### WHAT THE TASK ASKS:
The answer must reproduce the listing exactly, with every picture left out.

### DATA RECORDS:

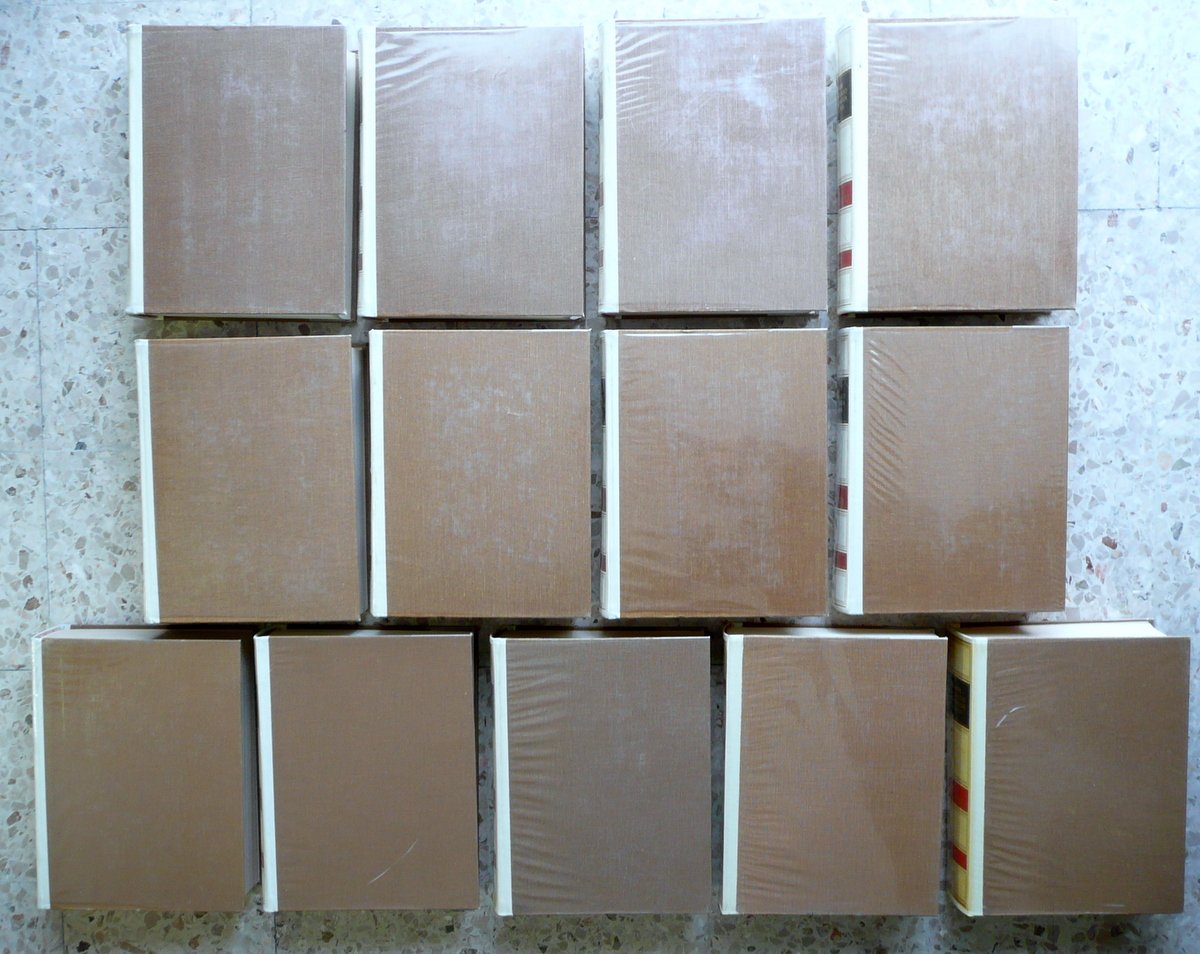 AA. VV., Salvatore Battaglia, Grande dizionario della lingua italiana Volumi I - XIII UTET, Torino 1961-86, cm 30x23; pp. VIII-952 (vol. I); pp. 1004 (vol. II); pp. 1096 (vol. III); pp. 1044 (vol. IV); pp. 1058 (vol. V); pp. 1084 (vol. VI); pp. 1086 (vol. VII); pp. 1038 (vol. VIII); pp. 1046 (vol. IX); pp. 1032 (vol. X); pp. 1102 (vol. XI); pp. 1144 (vol. XII); pp. 1146 (vol. XIII), legatura in mezza pelle con titolo e fregi impressi in oro al dorso. Condizioni di conservazione Volumi tutti ben conservati con tracce di utilizzo; sovraccoperte ed. in acetato con alcuni piccoli lievi aloni e difetti; qualcuna con mancanze e strappetti anche di vari cm principalmente in corrispondenza del dorso. Volumi complessivamente molto ben conservati, con poche minuscole abrasioni a qualche dorso e cuffia. Interni buoni, complessivamente molto ben conservati; risguardi / alcune pagine di qualche volume con lievi - minimi accenni d'ingiallimento ai margini. Volumi I - XIII. A causa dell'elevato peso complessivo dell'opera, la spedizione potrà essere effettuata unicamente tramite due pacchi ordinari (anche servizio crono"). EXTRA.0028 "
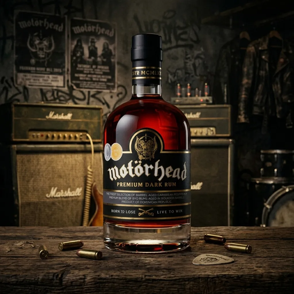The Motörhead Premium Dark Rum, launched by English rock band Motörhead, is a product of the finest selection of Caribbean Reserve Rums and has been aged for eight years in ex-bourbon barrels. The result is a smooth, dark brown rum which holds Motörhead’s boldness in every sip. The release is inspired by Motörhead’s box set ‘Born To Lose, Live To Win’.
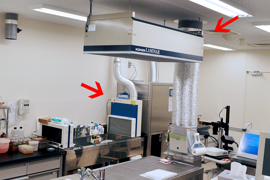 ホルマリン対策として局所排気装置を設置し作業者の曝露防止対策を行っています。年2回の作業環境設定では、第I管理区分で良好な環境を維持しています。
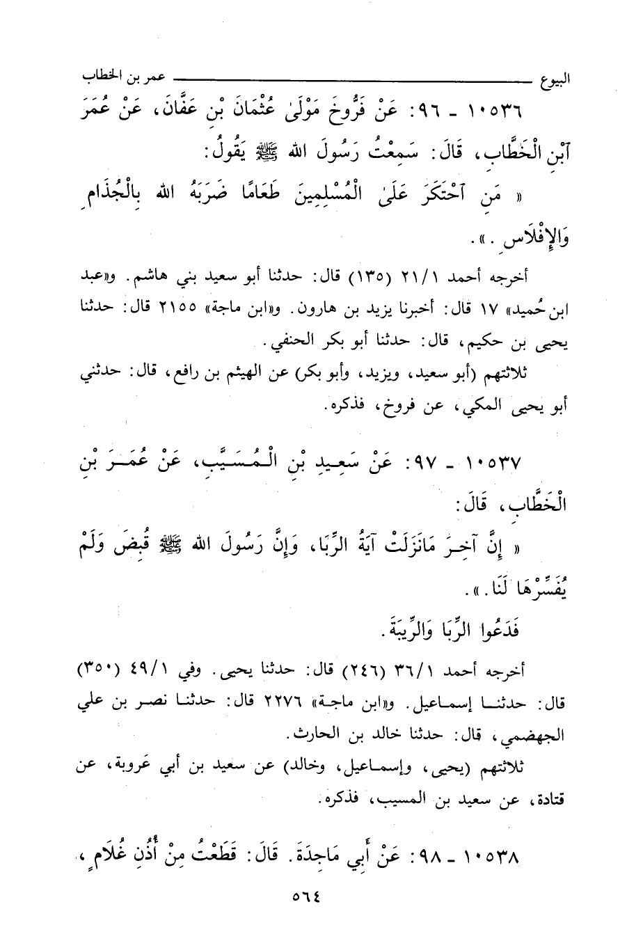 - وفي رواية: عَنْ فَرُّوخَ، مَوْلَى عُثْمَانَ، أَنَّ عُمَرَ، وَهُوَ يَوْمَئِذٍ أَمِيرُ الْمُؤْمِنِينَ، خَرَجَ إِلَى الْمَسْجِدِ، فَرَأَى طَعَامًا مَنْثُورًا، فَقَالَ: مَا هَذَا الطَّعَامُ؟ فَقَالُوا: طَعَامٌ جُلِبَ إِلَيْنَا، قَالَ: بَارَكَ اللهُ فِيهِ وَفِيمَنْ جَلَبَهُ، قِيلَ: يَا أَمِيرَ الْمُؤْمِنِينَ، فَإِنَّهُ قَدِ احْتُكِرَ، قَالَ: وَمَنِ احْتَكَرَهُ؟ قَالُوا: فَرُّوخُ مَوْلَى عُثْمَانَ، وَفُلَانٌ مَوْلَى عُمَرَ، فَأَرْسَلَ إِلَيْهِمَا فَدَعَاهُمَا، فَقَالَ: مَا حَمَلَكُمَا عَلَى احْتِكَارِ طَعَامِ الْمُسْلِمِينَ؟ قَالَا: يَا أَمِيرَ الْمُؤْمِنِينَ، نَشْتَرِى بِأَمْوَالِنَا وَنَبِيعُ، فَقَالَ عُمَرُ: سَمِعْتُ رَسُولَ اللهِ صلى الله عليه وسلم يَقُولُ:
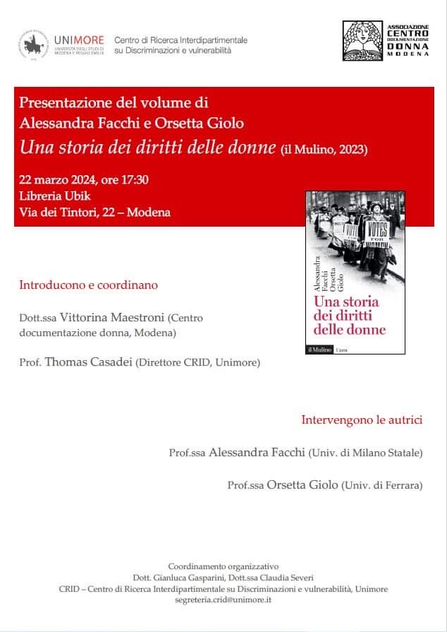 Venerdì 22 marzo 2024, a partire dalle ore 17.30, presso la Libreria Ubik (via dei Tintori 22, Modena) si terrà la presentazione del volume curato da Alessandra Facchi e Orsetta Giolo “Una storia dei diritti delle donne” (il Mulino, 2023)
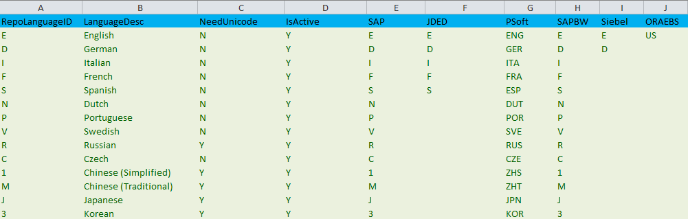 This worksheet lists the available languages for extraction of descriptive fields from each Enterprise Application. A typical set of language codes for each Enterprise Application are coded in this worksheet, but you may need to add your own if you wish to extract metadata in a language not included in the list. The worksheet format is shown in the following example:
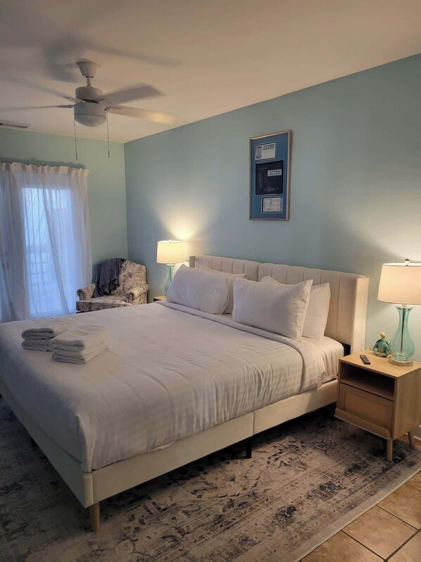 This 2-bedroom haven includes the 'Ocean Breeze Room' with a luxurious king bed and the 'Sand Dunes Room' featuring a plush queen, ensuring sweet dreams. Pamper yourself in our two spa-like bathrooms, including one with a rejuvenating jetted tub. Unwind in the cozy living room, where a comfortable sofa bed accommodates two additional guests. Step onto your private balcony whether you're sipping morning coffee or enjoying evening cocktails, the soothing atmosphere will melt your cares away.
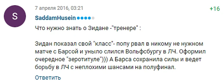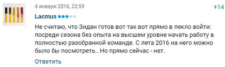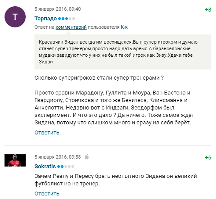 Ну что за бред? Какая нафиг Томь? Зидан лучший вариант для нынешнего Реала, это показывает время и результаты. Реала! Понимаешь? Все, что он сейчас делает, приносит только профит, значит делает он все правильно.
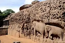 Indian rock reliefs include a number of depictions of elephants, notably the Descent of the Ganges at Mahabalipuram, a large 7th-century Hindu scene with many figures that uses the form of the rock to shape the image.[22] At Unakoti, Tripura there is an 11th-century group of reliefs related to Shiva, including several elephants.

### SOLUTION:
 AA. VV., Salvatore Battaglia, Grande dizionario della lingua italiana Volumi I - XIII UTET, Torino 1961-86, cm 30x23; pp. VIII-952 (vol. I); pp. 1004 (vol. II); pp. 1096 (vol. III); pp. 1044 (vol. IV); pp. 1058 (vol. V); pp. 1084 (vol. VI); pp. 1086 (vol. VII); pp. 1038 (vol. VIII); pp. 1046 (vol. IX); pp. 1032 (vol. X); pp. 1102 (vol. XI); pp. 1144 (vol. XII); pp. 1146 (vol. XIII), legatura in mezza pelle con titolo e fregi impressi in oro al dorso. Condizioni di conservazione Volumi tutti ben conservati con tracce di utilizzo; sovraccoperte ed. in acetato con alcuni piccoli lievi aloni e difetti; qualcuna con mancanze e strappetti anche di vari cm principalmente in corrispondenza del dorso. Volumi complessivamente molto ben conservati, con poche minuscole abrasioni a qualche dorso e cuffia. Interni buoni, complessivamente molto ben conservati; risguardi / alcune pagine di qualche volume con lievi - minimi accenni d'ingiallimento ai margini. Volumi I - XIII. A causa dell'elevato peso complessivo dell'opera, la spedizione potrà essere effettuata unicamente tramite due pacchi ordinari (anche servizio crono"). EXTRA.0028 "
The Motörhead Premium Dark Rum, launched by English rock band Motörhead, is a product of the finest selection of Caribbean Reserve Rums and has been aged for eight years in ex-bourbon barrels. The result is a smooth, dark brown rum which holds Motörhead’s boldness in every sip. The release is inspired by Motörhead’s box set ‘Born To Lose, Live To Win’.
 ホルマリン対策として局所排気装置を設置し作業者の曝露防止対策を行っています。年2回の作業環境設定では、第I管理区分で良好な環境を維持しています。
 - وفي رواية: عَنْ فَرُّوخَ، مَوْلَى عُثْمَانَ، أَنَّ عُمَرَ، وَهُوَ يَوْمَئِذٍ أَمِيرُ الْمُؤْمِنِينَ، خَرَجَ إِلَى الْمَسْجِدِ، فَرَأَى طَعَامًا مَنْثُورًا، فَقَالَ: مَا هَذَا الطَّعَامُ؟ فَقَالُوا: طَعَامٌ جُلِبَ إِلَيْنَا، قَالَ: بَارَكَ اللهُ فِيهِ وَفِيمَنْ جَلَبَهُ، قِيلَ: يَا أَمِيرَ الْمُؤْمِنِينَ، فَإِنَّهُ قَدِ احْتُكِرَ، قَالَ: وَمَنِ احْتَكَرَهُ؟ قَالُوا: فَرُّوخُ مَوْلَى عُثْمَانَ، وَفُلَانٌ مَوْلَى عُمَرَ، فَأَرْسَلَ إِلَيْهِمَا فَدَعَاهُمَا، فَقَالَ: مَا حَمَلَكُمَا عَلَى احْتِكَارِ طَعَامِ الْمُسْلِمِينَ؟ قَالَا: يَا أَمِيرَ الْمُؤْمِنِينَ، نَشْتَرِى بِأَمْوَالِنَا وَنَبِيعُ، فَقَالَ عُمَرُ: سَمِعْتُ رَسُولَ اللهِ صلى الله عليه وسلم يَقُولُ:
 Venerdì 22 marzo 2024, a partire dalle ore 17.30, presso la Libreria Ubik (via dei Tintori 22, Modena) si terrà la presentazione del volume curato da Alessandra Facchi e Orsetta Giolo “Una storia dei diritti delle donne” (il Mulino, 2023)
 This worksheet lists the available languages for extraction of descriptive fields from each Enterprise Application. A typical set of language codes for each Enterprise Application are coded in this worksheet, but you may need to add your own if you wish to extract metadata in a language not included in the list. The worksheet format is shown in the following example:
 This 2-bedroom haven includes the 'Ocean Breeze Room' with a luxurious king bed and the 'Sand Dunes Room' featuring a plush queen, ensuring sweet dreams. Pamper yourself in our two spa-like bathrooms, including one with a rejuvenating jetted tub. Unwind in the cozy living room, where a comfortable sofa bed accommodates two additional guests. Step onto your private balcony whether you're sipping morning coffee or enjoying evening cocktails, the soothing atmosphere will melt your cares away.
 Ну что за бред? Какая нафиг Томь? Зидан лучший вариант для нынешнего Реала, это показывает время и результаты. Реала! Понимаешь? Все, что он сейчас делает, приносит только профит, значит делает он все правильно.
 Indian rock reliefs include a number of depictions of elephants, notably the Descent of the Ganges at Mahabalipuram, a large 7th-century Hindu scene with many figures that uses the form of the rock to shape the image.[22] At Unakoti, Tripura there is an 11th-century group of reliefs related to Shiva, including several elephants.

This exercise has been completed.